What is expected: Give an exact copy of the data that follows, but none of its pictures.

The data:
^^^^^^^^

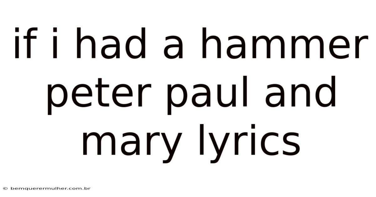 The opening chords of If I Had a Hammer instantly transport listeners to a world where hope, activism, and music intertwine. Written by Pete Seeger and Lee Hays and popularized by the folk trio Peter, Paul & Mary, the song became an anthem for civil rights, anti‑war movements, and social justice. In this article we’ll explore the historical context, lyrical meaning, musical structure, and the enduring relevance of the hymn‑like tune that continues to inspire new generations Which is the point..
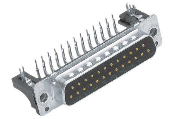 HARTING 09663627817 D-Sub Connectors - Standard Density D-Sub 25pin male low profile angled, 2.54mm pitch, turned, with board locks, 4-40UNC screw lock, PL3
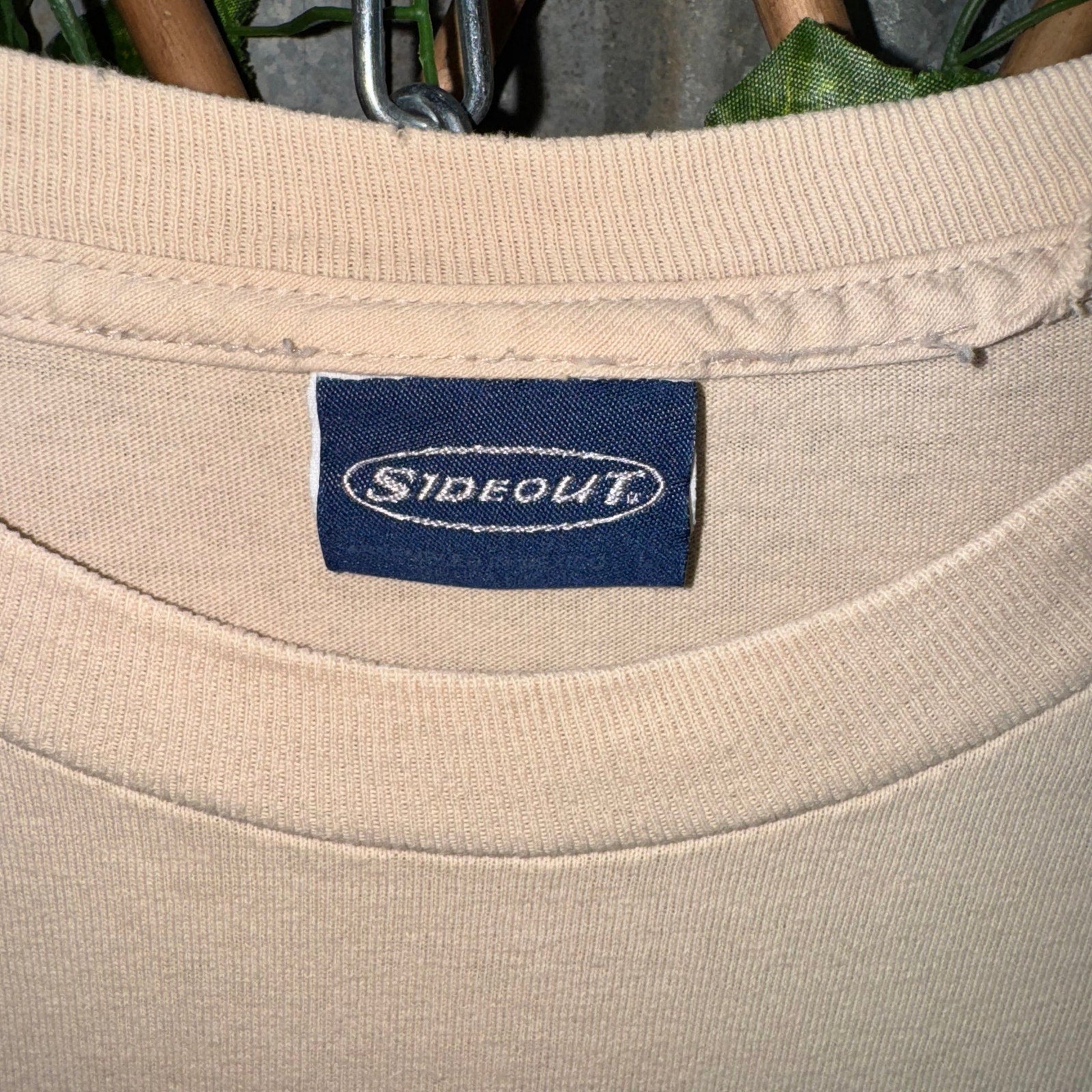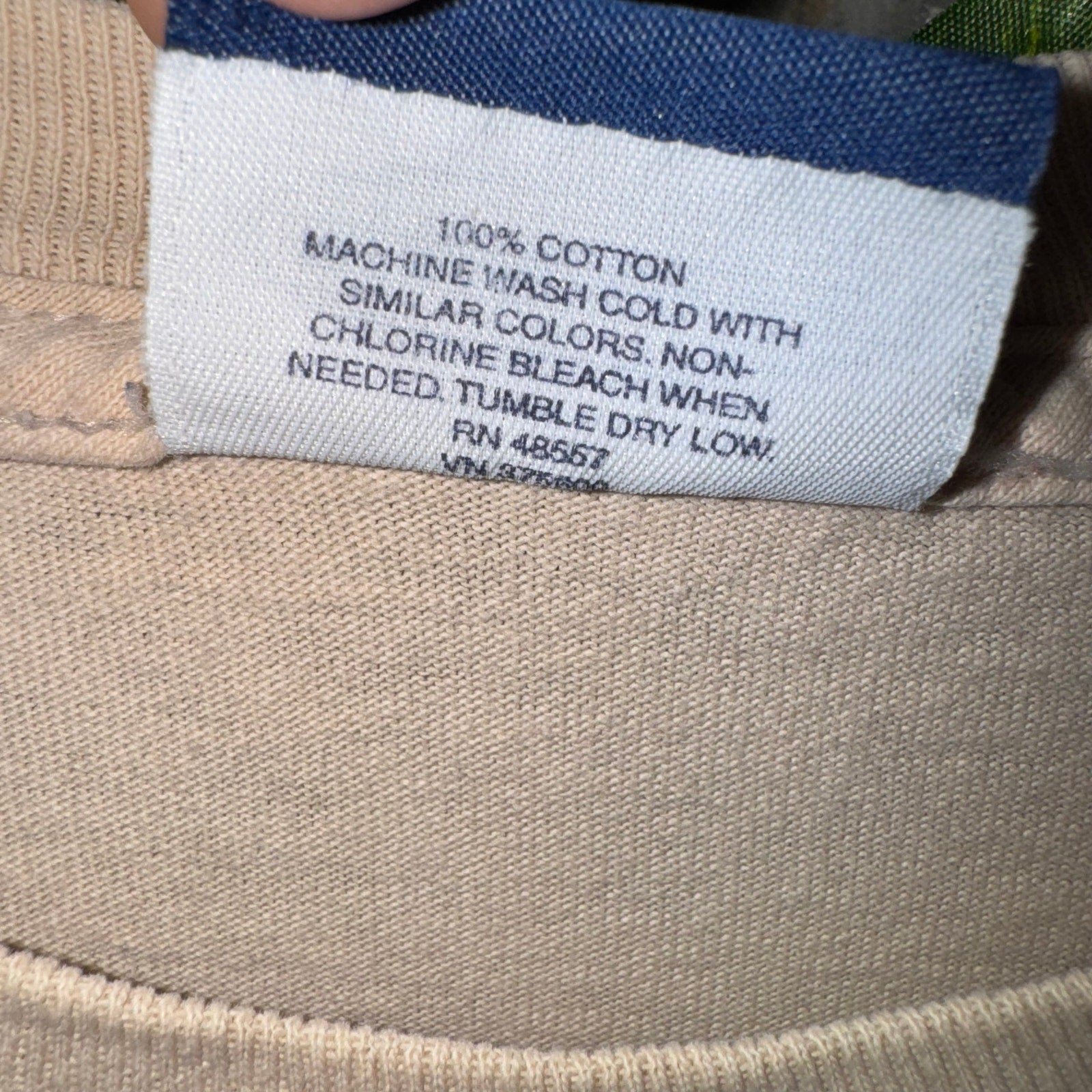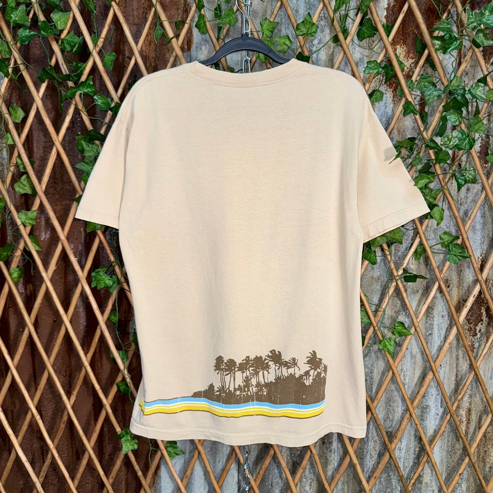Vintage / Y2K side out surf style horizontal stripe with palm tree, beach, graphic spell out front and back hit wrap around double-sided multiple graphic skate/grunge hip-hop 00s era beige/off-white color T-shirt essential

^^^^^^^^

Exercise solution:
 The opening chords of If I Had a Hammer instantly transport listeners to a world where hope, activism, and music intertwine. Written by Pete Seeger and Lee Hays and popularized by the folk trio Peter, Paul & Mary, the song became an anthem for civil rights, anti‑war movements, and social justice. In this article we’ll explore the historical context, lyrical meaning, musical structure, and the enduring relevance of the hymn‑like tune that continues to inspire new generations Which is the point..
 HARTING 09663627817 D-Sub Connectors - Standard Density D-Sub 25pin male low profile angled, 2.54mm pitch, turned, with board locks, 4-40UNC screw lock, PL3
Vintage / Y2K side out surf style horizontal stripe with palm tree, beach, graphic spell out front and back hit wrap around double-sided multiple graphic skate/grunge hip-hop 00s era beige/off-white color T-shirt essential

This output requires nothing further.